Parallel python design

Parallel python design

Postby markd » Wed Jan 16, 2013 7:17 am

After looking at some low level code with the PyMite VM ( http://forums.parallella.org/viewtopic.php?f=9&t=70#p522 ), I would like to explore ideas for the higher level programming model.

In a broad outline, the regular CPython interpreter will run on the host, and it will launch work kernels on the cores.

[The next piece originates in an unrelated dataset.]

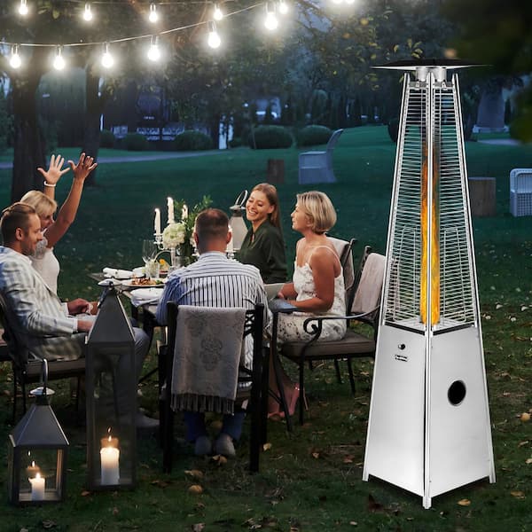 Outdoor 40,000 BTU Silver Propane Heater, Steel Pyramid Flame Heater

The kernels will be written in a restricted subset of Python and will target the PyMite VM. It's a similar model to OpenCL, except the kernels will be written in Python.

Now how should it look in more detail?
It would be helpful to construct some examples and computational kernels - and I would appreciate some input from others on the forum. The idea is to write the algorithms/kernels in some sort of ideal syntax, and then see how well that can be approximated in Python.
Feel free to borrow from multiprocessing, OpenCL, Coarray Fortran, and any other parallel language/library.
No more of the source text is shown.